右へ立ち去る前に二次林の中で立ち止まり、身震いしました。 

旧営巣地に久しぶりに戻ってきたヘルパー♂が、巣穴の内部の点検(内見)だけして帰ったようです。 
最近ホンドタヌキ(尻尾に黒班▼)が巣穴Rに(ときどき?)住み着いているようなのですが、アナグマのヘルパー♂は積極的に巣穴を奪い返すつもりはないようです。
「同じ穴のむじな)」の実態はなんとも微妙な関係で、時間をずらしてシェアしているのが面白いですね。
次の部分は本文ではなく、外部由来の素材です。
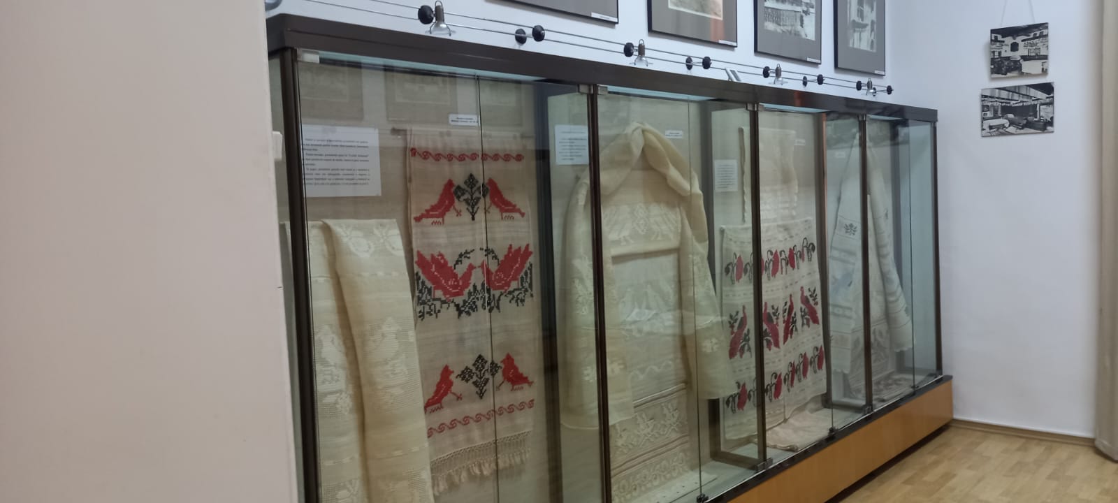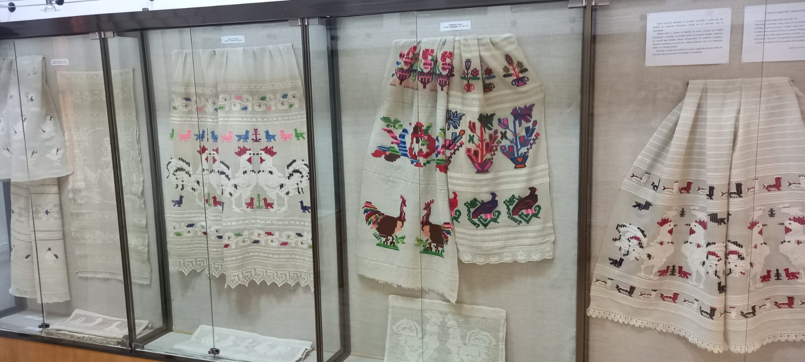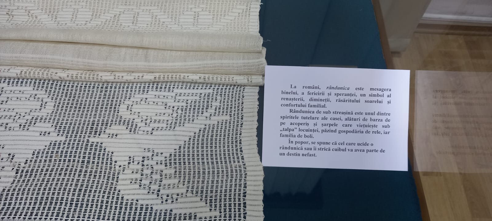 „Avem expus un ștergar cu porumbeii afrontați, simbol al celor doi tineri îndrăgostiți, un ștergar foarte valoros, provenind de la Băneasa, și lucrat în primii ani ai secolului XX. Avem, acolo, în față, un ștergar de Oltina, de la 1900, ștergarul cu cocoș. Noi am numărat 14 tipuri de păsări. Se pot vedea de la păsări călătoare, păsări de curte, păsări de baltă sau exotice. Avem acolo porumbelul, care este cea mai importantă pasăre pentru creștini pentru că reprezintă o întruchiparea Sfântului Duh. Perechea de porumbei, așa cum o avem noi redată pe acest ștergar de la Băneasa, simbolizează perechea de îndrăgostiți. Avem păuni, un simbol al fertilității, o pasăre cu atribute solare, este întotdeauna legat de frumusețe, dar și de virilitate. Aici avem o vitrină cu păsări de curte, găina, rața, chiar și doi curcani. Cocoșul este o pasăre foarte importantă, un simbol apotropaic. Cocoșul la sat era foarte important pentru că era deșteptătorul casei”, ne-a mai spus muzeograful Cerasela Dobrinescu.

私の観察では今のところ、ヘルパー♂は縄張りを巡回したり採餌に出かける際はいつも単独行動しています。
母子の群れとはいつも別行動なので、離乳前後の子育てを果たしてヘルプしているのかどうか疑問です。
この点が本で読む話とは大きく異なります。(鈴木欣司『アナグマ・ファミリーの1年』など)
トレイルカメラが登場する前の時代にアナグマ家族を餌付けした古い観察記録なので、餌場で見られた行動の多くは餌付けの影響を強く受けた不自然な行動ではないのか?と私は密かに疑ってしまいます。
それとも私が見ている当地のニホンアナグマ個体群の暮らしぶりは一風変わっているのでしょうか?
長期で観察を続けてみないと何とも言えません。

※ 動画の一部は編集時に自動色調補正を施しています。